[DATA TO EXAMINE]
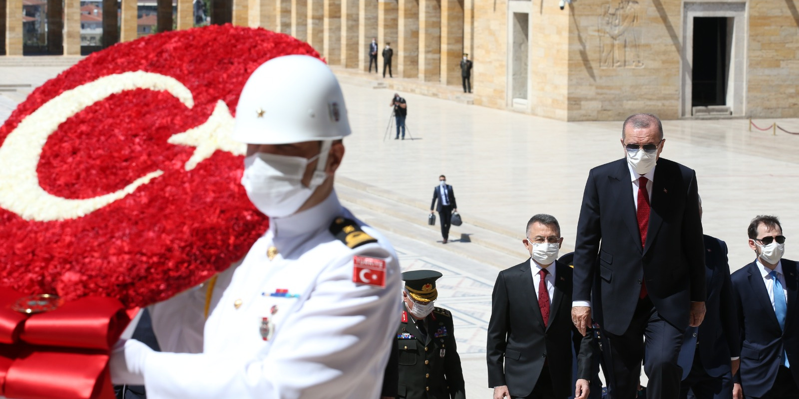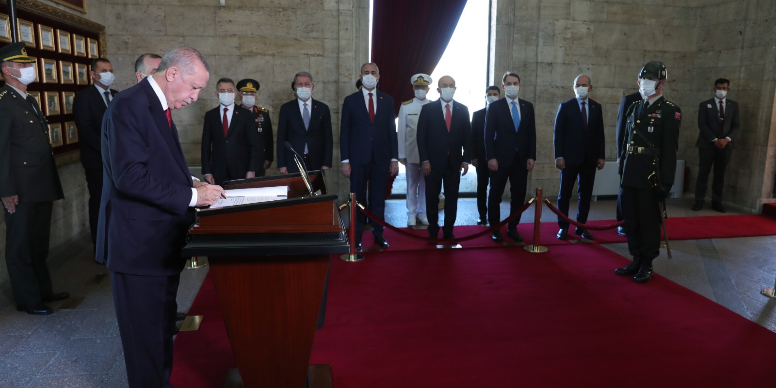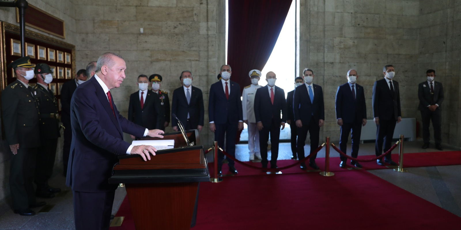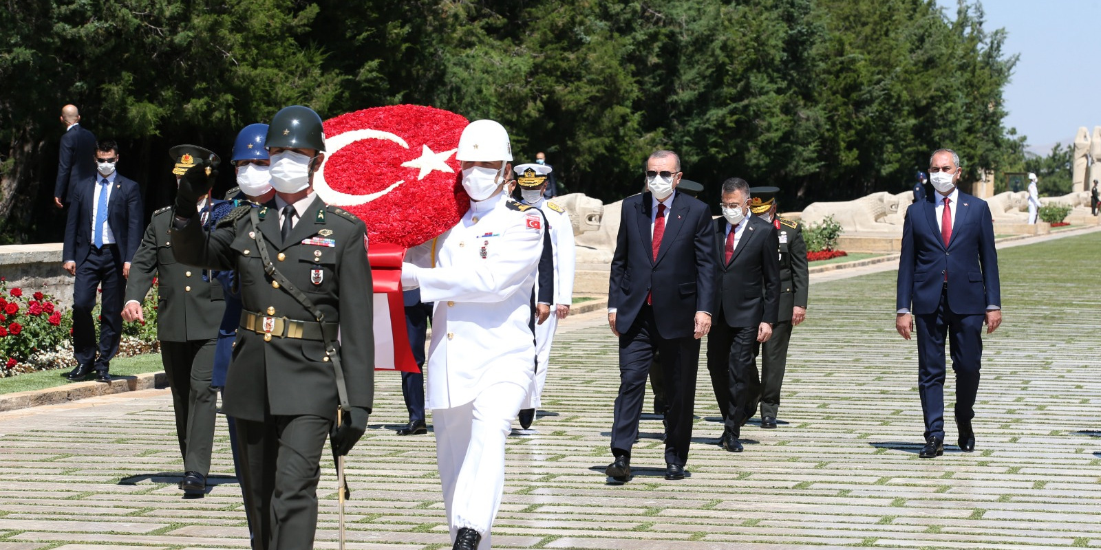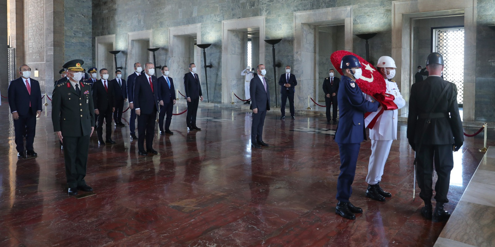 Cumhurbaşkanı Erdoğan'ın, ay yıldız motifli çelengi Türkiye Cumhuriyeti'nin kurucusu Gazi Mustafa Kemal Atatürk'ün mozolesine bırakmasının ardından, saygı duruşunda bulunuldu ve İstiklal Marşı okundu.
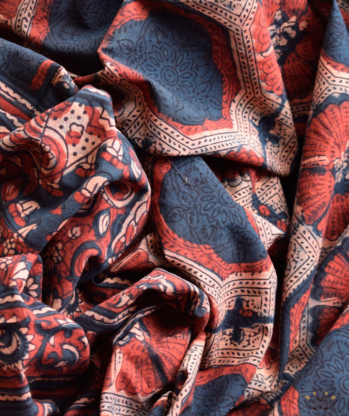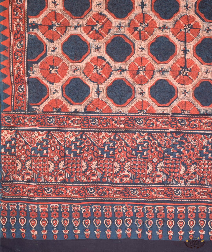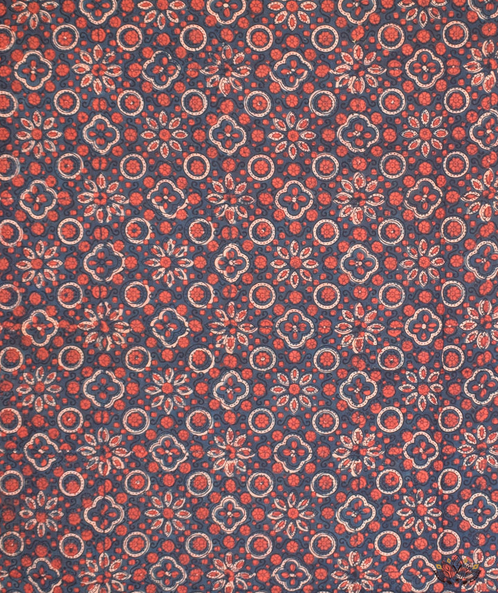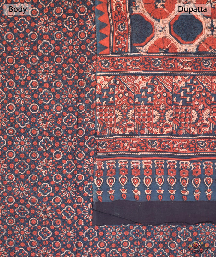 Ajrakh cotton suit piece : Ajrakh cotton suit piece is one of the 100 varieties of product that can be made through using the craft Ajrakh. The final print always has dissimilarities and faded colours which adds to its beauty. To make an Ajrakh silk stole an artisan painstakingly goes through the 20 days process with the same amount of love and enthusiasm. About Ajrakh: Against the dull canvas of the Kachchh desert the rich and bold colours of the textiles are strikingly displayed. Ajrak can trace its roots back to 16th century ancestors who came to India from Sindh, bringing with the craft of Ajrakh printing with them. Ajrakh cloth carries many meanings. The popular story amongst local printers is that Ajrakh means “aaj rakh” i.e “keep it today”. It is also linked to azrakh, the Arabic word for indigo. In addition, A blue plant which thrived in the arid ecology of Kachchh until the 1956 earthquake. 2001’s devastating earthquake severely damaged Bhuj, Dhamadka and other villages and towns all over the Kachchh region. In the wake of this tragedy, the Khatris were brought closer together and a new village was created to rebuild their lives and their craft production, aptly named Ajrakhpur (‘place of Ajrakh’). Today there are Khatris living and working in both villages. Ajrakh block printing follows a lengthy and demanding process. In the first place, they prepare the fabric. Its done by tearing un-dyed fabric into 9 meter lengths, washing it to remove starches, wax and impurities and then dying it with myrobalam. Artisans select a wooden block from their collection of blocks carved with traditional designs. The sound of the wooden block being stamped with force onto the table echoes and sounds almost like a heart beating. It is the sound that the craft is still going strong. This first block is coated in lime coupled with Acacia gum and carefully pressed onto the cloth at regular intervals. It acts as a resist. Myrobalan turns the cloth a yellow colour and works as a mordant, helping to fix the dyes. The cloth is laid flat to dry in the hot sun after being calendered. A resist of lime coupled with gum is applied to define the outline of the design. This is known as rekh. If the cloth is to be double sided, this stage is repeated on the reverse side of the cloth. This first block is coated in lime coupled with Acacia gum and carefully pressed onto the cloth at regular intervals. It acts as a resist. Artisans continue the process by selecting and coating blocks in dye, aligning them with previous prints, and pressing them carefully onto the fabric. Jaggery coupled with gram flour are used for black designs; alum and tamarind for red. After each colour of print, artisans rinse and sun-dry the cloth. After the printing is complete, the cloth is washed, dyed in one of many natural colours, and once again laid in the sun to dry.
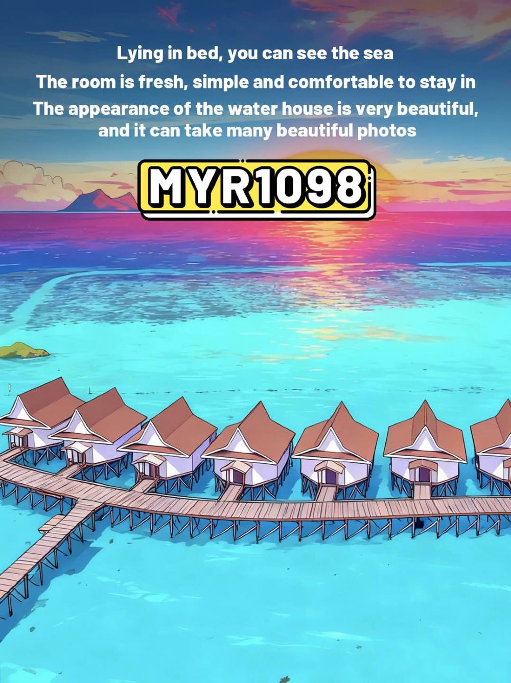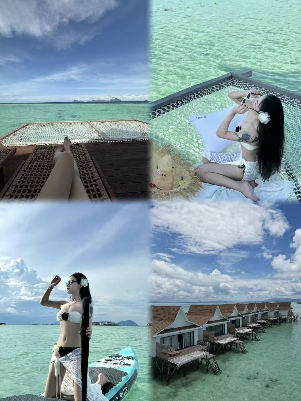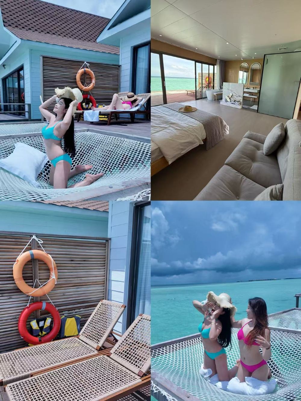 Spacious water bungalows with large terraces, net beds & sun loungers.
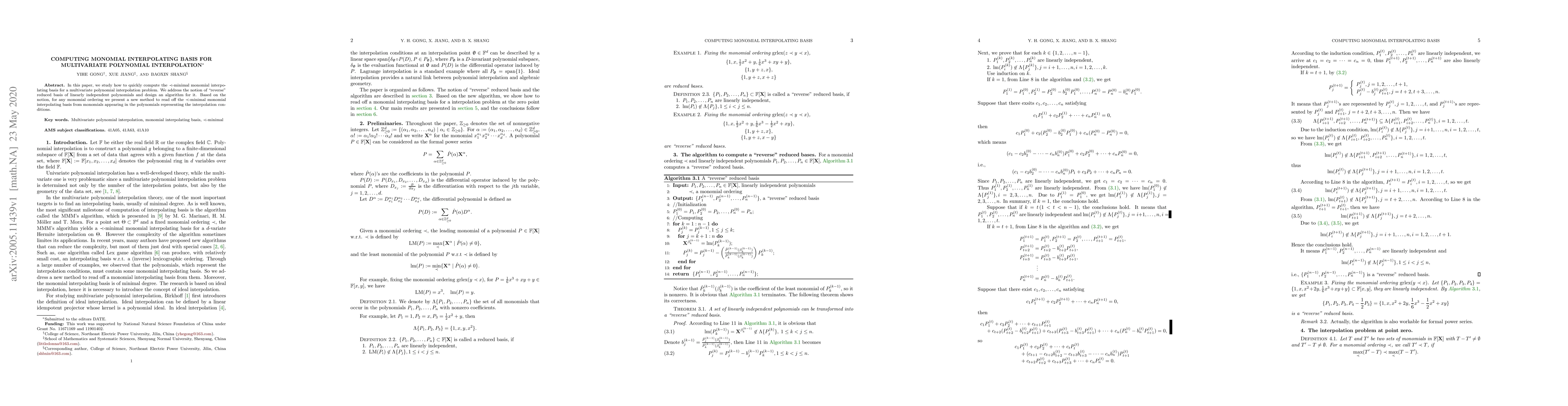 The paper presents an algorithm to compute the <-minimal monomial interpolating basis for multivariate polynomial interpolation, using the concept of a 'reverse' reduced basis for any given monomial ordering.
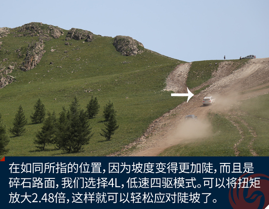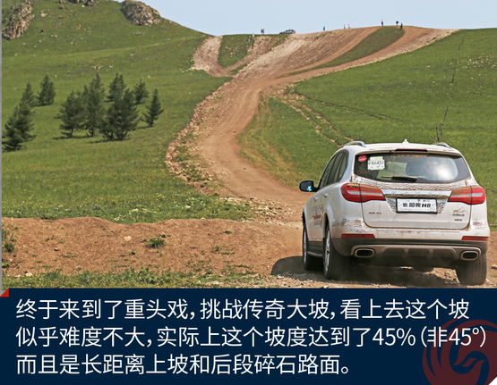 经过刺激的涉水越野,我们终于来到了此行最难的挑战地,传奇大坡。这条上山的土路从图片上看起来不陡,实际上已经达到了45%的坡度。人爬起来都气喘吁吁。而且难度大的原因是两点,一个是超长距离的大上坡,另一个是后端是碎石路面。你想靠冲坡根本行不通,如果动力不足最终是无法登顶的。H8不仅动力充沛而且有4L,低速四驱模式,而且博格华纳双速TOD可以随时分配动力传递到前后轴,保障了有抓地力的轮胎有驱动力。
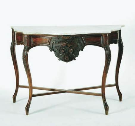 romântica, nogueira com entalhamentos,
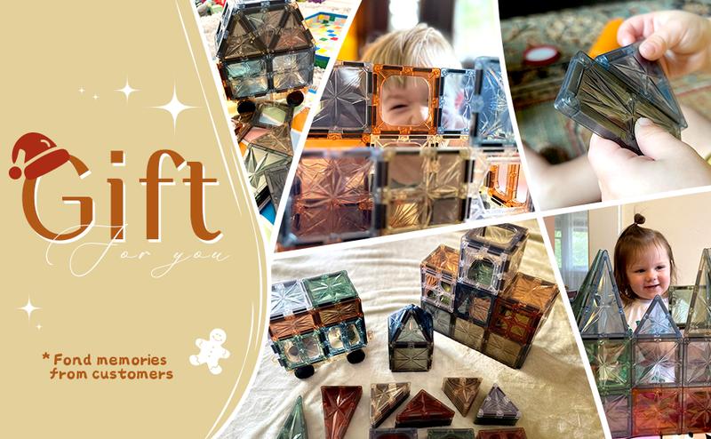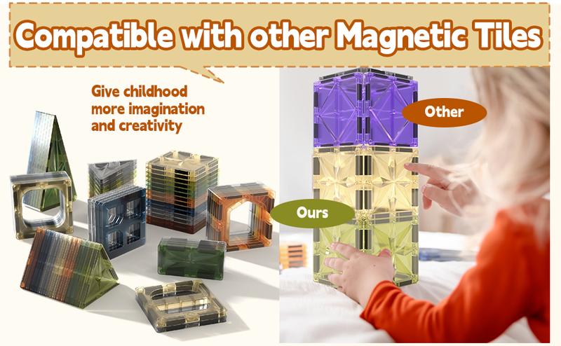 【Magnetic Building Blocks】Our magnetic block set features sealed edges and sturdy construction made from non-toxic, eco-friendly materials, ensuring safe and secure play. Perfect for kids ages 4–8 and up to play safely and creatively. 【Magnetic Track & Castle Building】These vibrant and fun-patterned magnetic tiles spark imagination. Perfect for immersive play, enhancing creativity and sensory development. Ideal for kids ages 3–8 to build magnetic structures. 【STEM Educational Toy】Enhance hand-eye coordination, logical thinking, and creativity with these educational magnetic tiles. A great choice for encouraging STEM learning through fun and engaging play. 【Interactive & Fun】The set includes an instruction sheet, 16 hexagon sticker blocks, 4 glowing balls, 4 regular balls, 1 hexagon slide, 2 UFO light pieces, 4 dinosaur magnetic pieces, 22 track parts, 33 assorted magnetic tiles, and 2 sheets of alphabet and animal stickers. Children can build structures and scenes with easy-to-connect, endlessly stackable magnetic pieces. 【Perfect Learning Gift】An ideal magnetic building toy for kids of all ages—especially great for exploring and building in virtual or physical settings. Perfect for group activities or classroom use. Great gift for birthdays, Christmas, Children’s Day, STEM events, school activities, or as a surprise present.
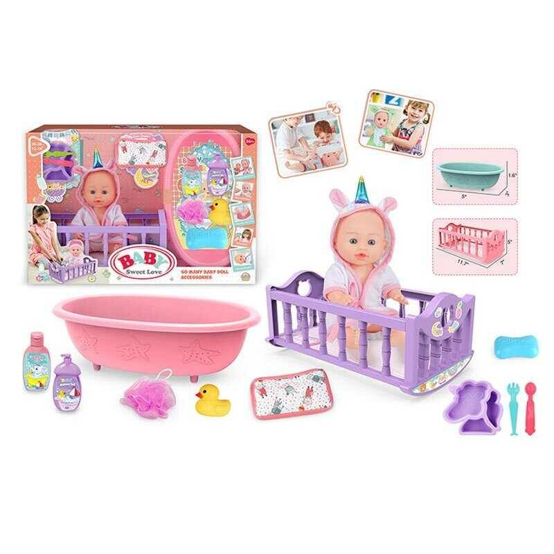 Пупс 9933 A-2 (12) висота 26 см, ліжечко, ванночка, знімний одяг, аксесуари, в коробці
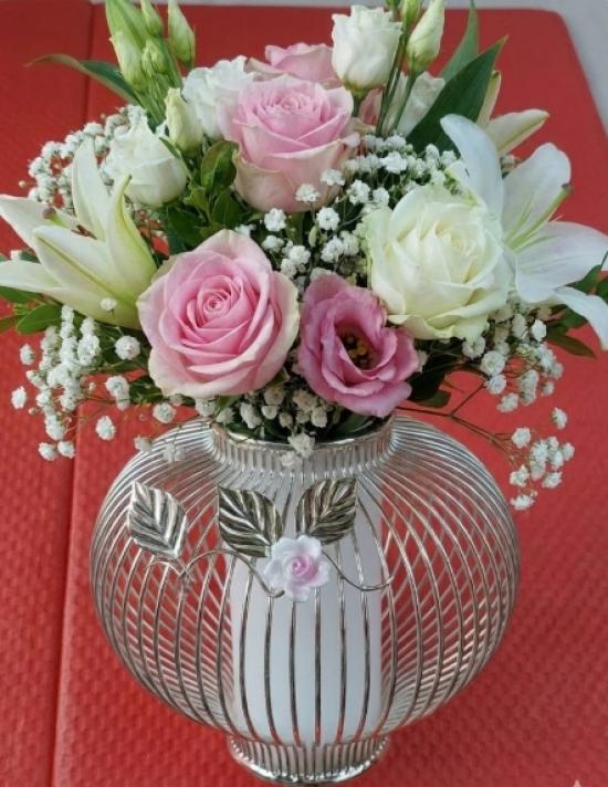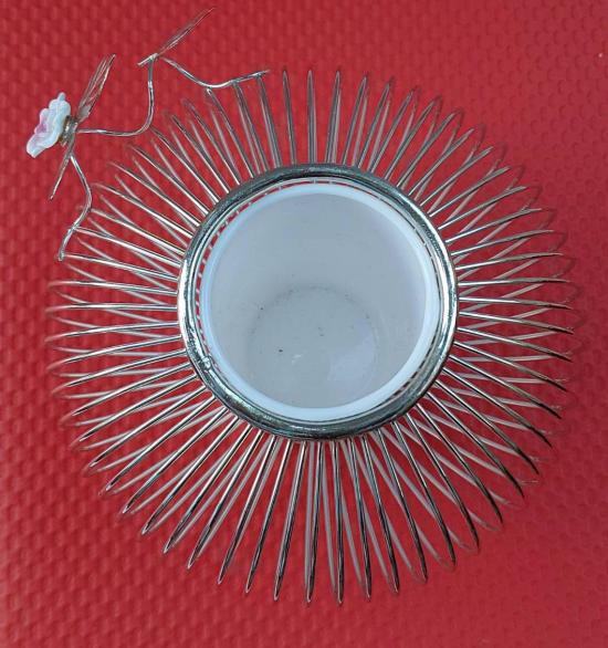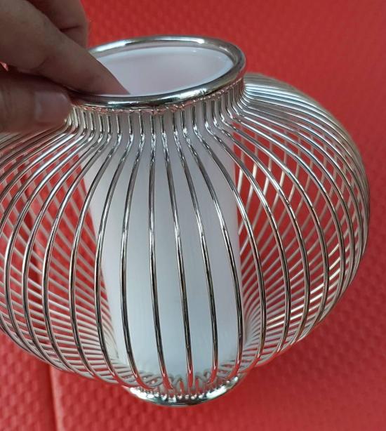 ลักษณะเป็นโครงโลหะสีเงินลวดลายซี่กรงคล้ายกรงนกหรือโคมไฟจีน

[ABOUT THIS TASK] What is needed is an exact printout of all the entries, without the pictures.

[WRITTEN REPLY]
 Cumhurbaşkanı Erdoğan'ın, ay yıldız motifli çelengi Türkiye Cumhuriyeti'nin kurucusu Gazi Mustafa Kemal Atatürk'ün mozolesine bırakmasının ardından, saygı duruşunda bulunuldu ve İstiklal Marşı okundu.
 Ajrakh cotton suit piece : Ajrakh cotton suit piece is one of the 100 varieties of product that can be made through using the craft Ajrakh. The final print always has dissimilarities and faded colours which adds to its beauty. To make an Ajrakh silk stole an artisan painstakingly goes through the 20 days process with the same amount of love and enthusiasm. About Ajrakh: Against the dull canvas of the Kachchh desert the rich and bold colours of the textiles are strikingly displayed. Ajrak can trace its roots back to 16th century ancestors who came to India from Sindh, bringing with the craft of Ajrakh printing with them. Ajrakh cloth carries many meanings. The popular story amongst local printers is that Ajrakh means “aaj rakh” i.e “keep it today”. It is also linked to azrakh, the Arabic word for indigo. In addition, A blue plant which thrived in the arid ecology of Kachchh until the 1956 earthquake. 2001’s devastating earthquake severely damaged Bhuj, Dhamadka and other villages and towns all over the Kachchh region. In the wake of this tragedy, the Khatris were brought closer together and a new village was created to rebuild their lives and their craft production, aptly named Ajrakhpur (‘place of Ajrakh’). Today there are Khatris living and working in both villages. Ajrakh block printing follows a lengthy and demanding process. In the first place, they prepare the fabric. Its done by tearing un-dyed fabric into 9 meter lengths, washing it to remove starches, wax and impurities and then dying it with myrobalam. Artisans select a wooden block from their collection of blocks carved with traditional designs. The sound of the wooden block being stamped with force onto the table echoes and sounds almost like a heart beating. It is the sound that the craft is still going strong. This first block is coated in lime coupled with Acacia gum and carefully pressed onto the cloth at regular intervals. It acts as a resist. Myrobalan turns the cloth a yellow colour and works as a mordant, helping to fix the dyes. The cloth is laid flat to dry in the hot sun after being calendered. A resist of lime coupled with gum is applied to define the outline of the design. This is known as rekh. If the cloth is to be double sided, this stage is repeated on the reverse side of the cloth. This first block is coated in lime coupled with Acacia gum and carefully pressed onto the cloth at regular intervals. It acts as a resist. Artisans continue the process by selecting and coating blocks in dye, aligning them with previous prints, and pressing them carefully onto the fabric. Jaggery coupled with gram flour are used for black designs; alum and tamarind for red. After each colour of print, artisans rinse and sun-dry the cloth. After the printing is complete, the cloth is washed, dyed in one of many natural colours, and once again laid in the sun to dry.
 Spacious water bungalows with large terraces, net beds & sun loungers.
 The paper presents an algorithm to compute the <-minimal monomial interpolating basis for multivariate polynomial interpolation, using the concept of a 'reverse' reduced basis for any given monomial ordering.
 经过刺激的涉水越野,我们终于来到了此行最难的挑战地,传奇大坡。这条上山的土路从图片上看起来不陡,实际上已经达到了45%的坡度。人爬起来都气喘吁吁。而且难度大的原因是两点,一个是超长距离的大上坡,另一个是后端是碎石路面。你想靠冲坡根本行不通,如果动力不足最终是无法登顶的。H8不仅动力充沛而且有4L,低速四驱模式,而且博格华纳双速TOD可以随时分配动力传递到前后轴,保障了有抓地力的轮胎有驱动力。
 romântica, nogueira com entalhamentos,
 【Magnetic Building Blocks】Our magnetic block set features sealed edges and sturdy construction made from non-toxic, eco-friendly materials, ensuring safe and secure play. Perfect for kids ages 4–8 and up to play safely and creatively. 【Magnetic Track & Castle Building】These vibrant and fun-patterned magnetic tiles spark imagination. Perfect for immersive play, enhancing creativity and sensory development. Ideal for kids ages 3–8 to build magnetic structures. 【STEM Educational Toy】Enhance hand-eye coordination, logical thinking, and creativity with these educational magnetic tiles. A great choice for encouraging STEM learning through fun and engaging play. 【Interactive & Fun】The set includes an instruction sheet, 16 hexagon sticker blocks, 4 glowing balls, 4 regular balls, 1 hexagon slide, 2 UFO light pieces, 4 dinosaur magnetic pieces, 22 track parts, 33 assorted magnetic tiles, and 2 sheets of alphabet and animal stickers. Children can build structures and scenes with easy-to-connect, endlessly stackable magnetic pieces. 【Perfect Learning Gift】An ideal magnetic building toy for kids of all ages—especially great for exploring and building in virtual or physical settings. Perfect for group activities or classroom use. Great gift for birthdays, Christmas, Children’s Day, STEM events, school activities, or as a surprise present.
 Пупс 9933 A-2 (12) висота 26 см, ліжечко, ванночка, знімний одяг, аксесуари, в коробці
 ลักษณะเป็นโครงโลหะสีเงินลวดลายซี่กรงคล้ายกรงนกหรือโคมไฟจีน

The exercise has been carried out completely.